Confirmatory studies with a larger number of patients in Argentina and other countries will validate these findings before the new regimen can be adopted by Chagas patients. DNDi will soon launch a Phase III clinical trial in Argentina in partnership with ELEA-Phoenix and Mundo Sano Foundation to confirm the efficacy and the safety of this two-week regimen of benznidazole.


This upcoming study should also contribute to simplifying the treatment of young girls and woman of child-bearing age to prevent congenital transmission from previously treated mothers to their babies. As mothers can transmit Chagas disease to their children, the trial could help lead to the elimination of Chagas disease as a public health problem, which is one of the World Health Organization’s Neglected Tropical Disease (NTD) Roadmap objectives for the next decade.


“This is truly a remarkable achievement made possible by international collaboration. With this new finding, we opened up a new way to provide a new shorter regimen for patients. We appreciate patients, their families, healthcare professionals, and all the partners who joined the BENDITA study. We also thank Eisai for providing their drug E1224 for the combination treatment arms in the clinical trial to compare efficacy and safety,” said Ms. Catherine Ohura, the CEO and Executive Director of GHIT.


For this study, DNDi received financial support from the Global Health Innovative Technology Fund, Japan; the UK Department for International Development (UK Aid); the German Federal Ministry of Education and Research through KfW; the Dutch Ministry of Foreign Affairs; the Brazilian Ministry of Health; the Associação Bem-Te-Vi Diversidade, Brazil; the Fundação Oswaldo Cruz (Fiocruz), Brazil; and the Starr International Foundation, Switzerland.

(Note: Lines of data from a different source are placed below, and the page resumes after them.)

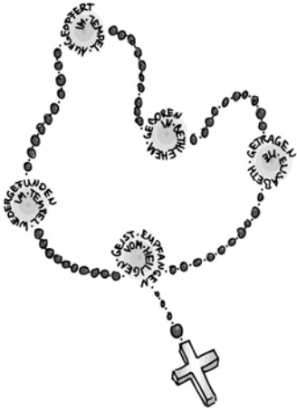
Grafik: Sarah Frank in: Pfarrbriefservice.de

Wir beten im Juli besonders für alle Familien, mit den Eltern und Kindern, und für alle anderen, die Urlaub und Ferien machen das Gesetz:
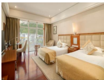
張家界【青和錦江國際酒店】 (約 340 呎)
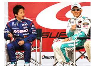
過去のドライバートークショーの様子

話題のGTドライバーがステージに登場！最終戦前だけに貴重な情報を聴くことができるかも！？
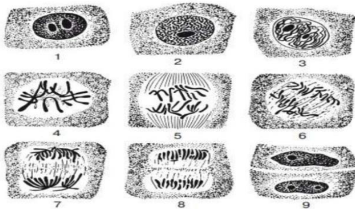
Схема митоза в клетках корешка лука : 1- интерфаза; 2,3 - профаза; 4 - метафаза; 5,6 - анафаза; 7,8 - телофаза; 9 - образование двух клеток
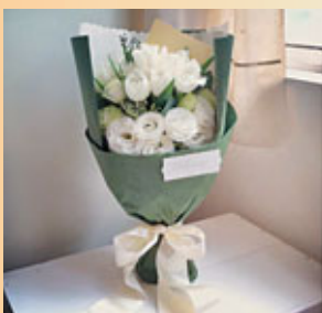
■ "My All"「念」
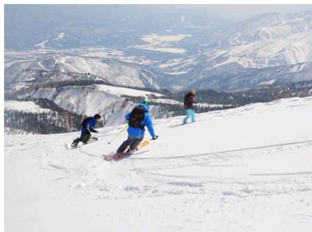
白馬乗鞍岳周辺でバックカントリースキーを楽しむツアーご一行
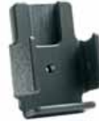
Pidin/Hällare. Tuotenro/Art.nr: 2219
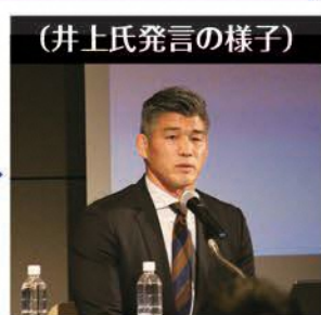
【スポーツコミッション担当室】

柔道に出会い、厳しさや礼節、相手への思いやり、感謝等を学び、人生が豊かになりました。勝つことによる自信、負ける悔しさ、努力が実らない現実などを乗り越え、レジリエンス能力が養われ、生き抜く力がつきました。

For its overall mission, DNDi also receives funding from the Swiss Agency for Development and Cooperation, Switzerland and Médecins Sans Frontières International. Non-conventional serology assays were performed at the Biomolecule Analysis Core Facility (currently, Biomolecule Analysis and Omics Unit) at the Border Biomedical Research Center, University of Texas at El Paso, funded by the National Institute on Minority Health and Health Disparities.


About DNDi

A not-for-profit research and development organization, DNDi works to deliver new treatments for neglected patients, those living with Chagas disease, sleeping sickness (human African trypanosomiasis), leishmaniasis, filarial infections, mycetoma, paediatric HIV, and hepatitis C. DNDi is also coordinating a clinical trial to find treatments for mild-to-moderate COVID-19 cases in Africa. Since its inception in 2003, DNDi has delivered eight new treatments to date, including new drug combinations for kala-azar, two fixed-dose antimalarials, and DNDi’s first successfully developed new chemical entity, fexinidazole, approved in 2018 for the treatment of both stages of sleeping sickness.